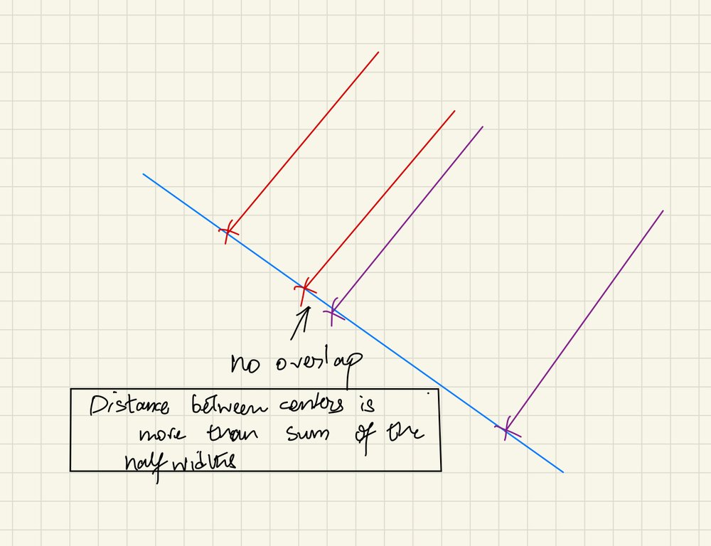 The Distance Between Their Centers is less than the Sum of the Halfwidths of the two primitives.
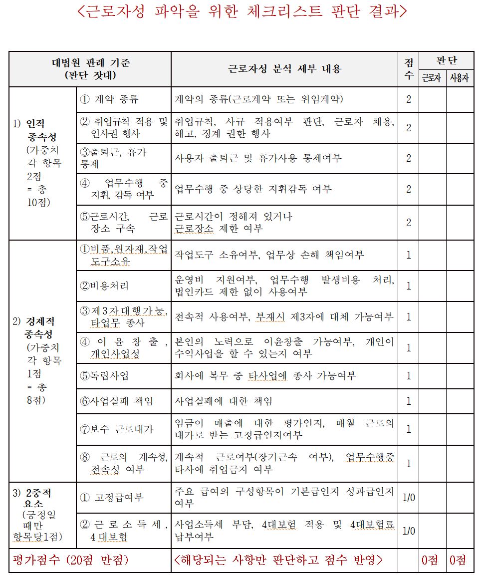 안녕하세요. 인사 담당자님, 근로자성 판단 자체점검 체크리스트에 찾아 주셔서 감사드립니다.
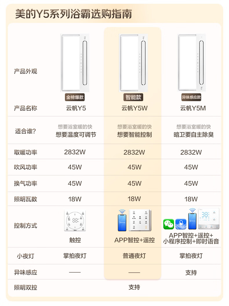 美的(Midea)智能浴霸云帆系列暖风照明排气一体无线遥控速暖Y5W
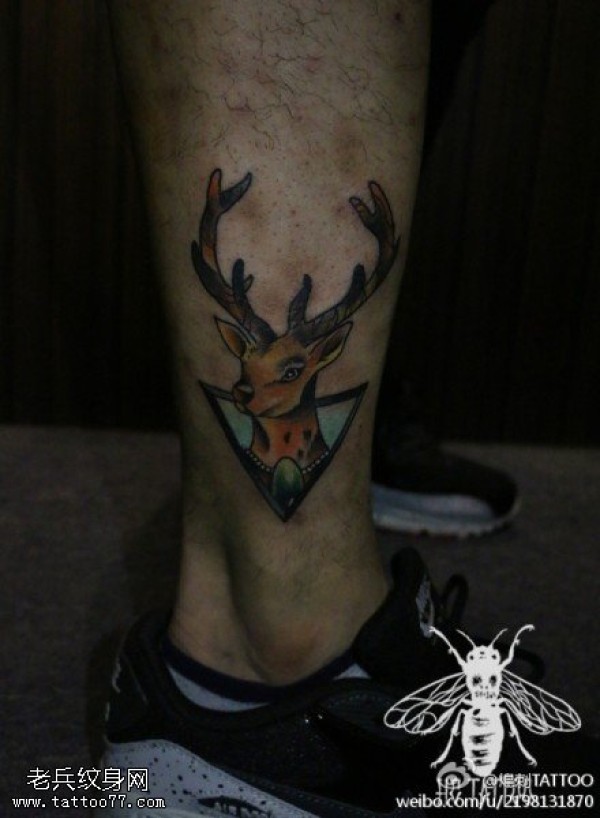 腿部彩色羚羊纹身图片
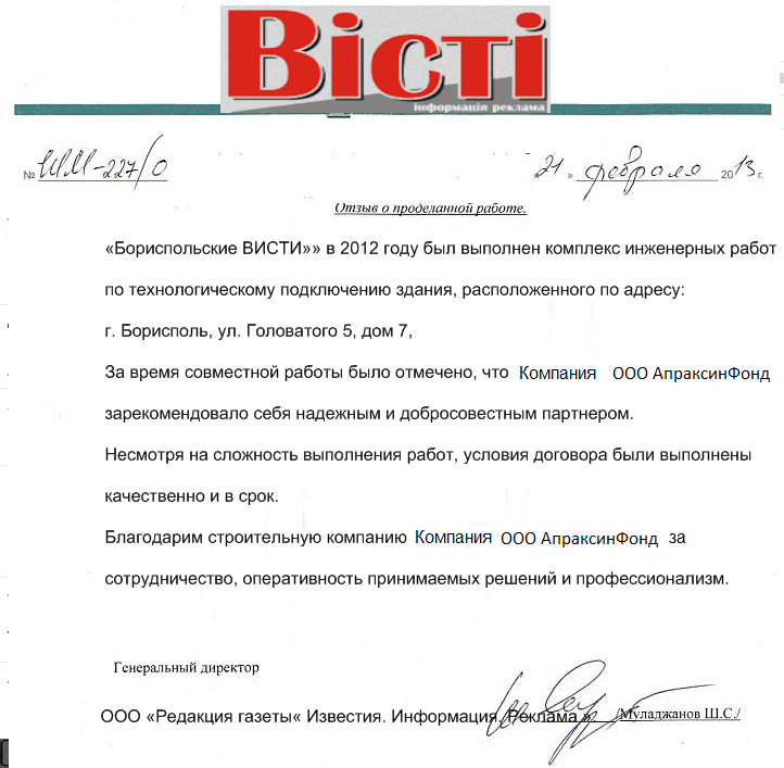 ГАРАНТИЙНОЕ ПИСЬМО ОТ ОРГАНИЗАЦИИ
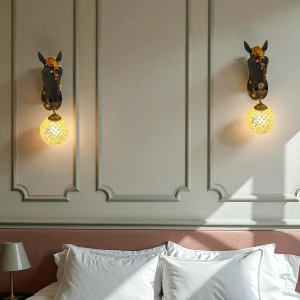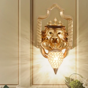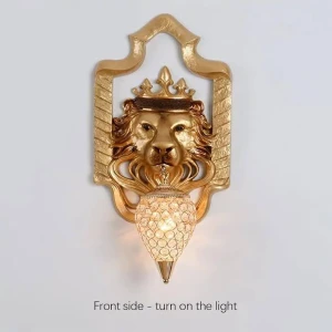 Royal 3D Lion Head Golden Statue Style Decoration Wall Lamp - Warm White
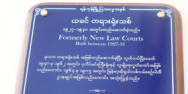 ဒါကြောင့် သမိုင်းတွေကိုကို သိပြီး၊ အနာဂတ်ကို အကောင်းဆုံးပုံဖော်နိုင်ဖို့ဆိုရင် လူငယ်မျိုးဆက်သစ်အတွက် မြို့ပြအမွေအနှစ်တွေကို လက်ဆင့်ကမ်းပေးနိုင်ဖို့လိုအပ်တယ်လို့ သြဂုတ်လ ၄ ရက်နေ့က အရင်က တရားရုံးသစ် အဆောက်အအုံကို Rosewood Yangon အဆောက်အအုံကို အပြာရောင် ကမ္ပည်းပြားတပ်ဆင်တဲ့အခမ်းအနားမှာ ပြောခဲ့တာပါ။
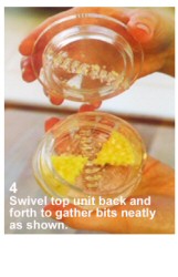2. For quick and neat gathering of the minced garlic, twist the top half to one direction until considerable resistance is felt, then back-twist it to the other direction until considerable resistance is again felt, then back-twist it again very slightly to push minced garlic to the center completely free of the mincing teeth before opening.
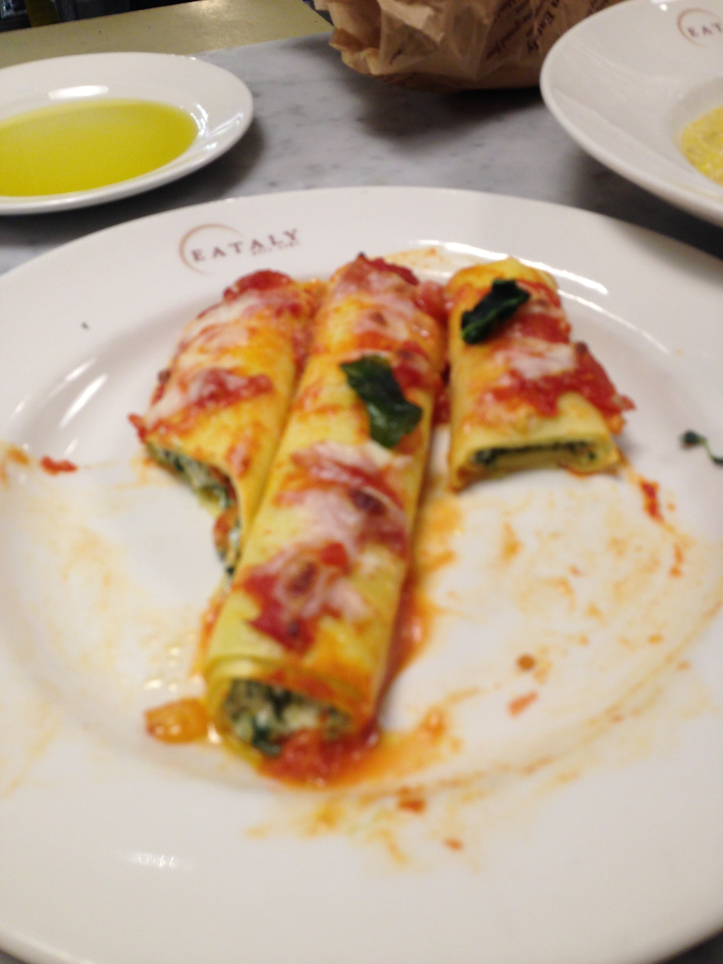 After exploring the market and checking out the nightly specials in the various sections of the restaurant, we settled on two items from the vegetarian section: a polenta topped with chick peas and sautéed swiss chard, and a spinach & ricotta canneloni. News flash: yum.
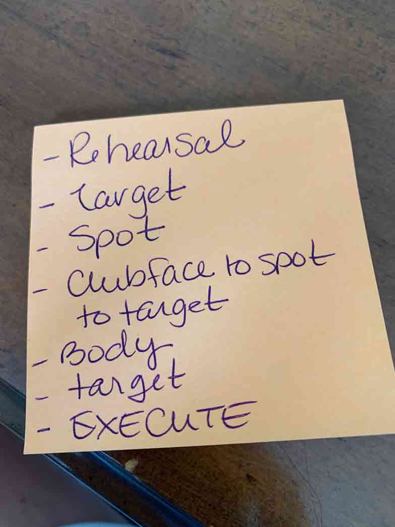 Ready to put this routine into play? I would recommend heading to the driving range with some Post-It notes and a pen. Start by writing down the steps and then simplify them down to one or two words. Here’s a picture of the one I use when I play in tournaments (see left).

####################

▶ PROBLEM:
Look above for the line with "美的(Midea)智能浴霸云帆系列暖风照明排气一体无线遥控速暖Y5W"; quote it and every line after it, stopping after the line with "Royal 3D Lion", exactly, with nothing added and without pictures.

▶ RESULT OF THIS EXERCISE:
 美的(Midea)智能浴霸云帆系列暖风照明排气一体无线遥控速暖Y5W
 腿部彩色羚羊纹身图片
 ГАРАНТИЙНОЕ ПИСЬМО ОТ ОРГАНИЗАЦИИ
 Royal 3D Lion Head Golden Statue Style Decoration Wall Lamp - Warm White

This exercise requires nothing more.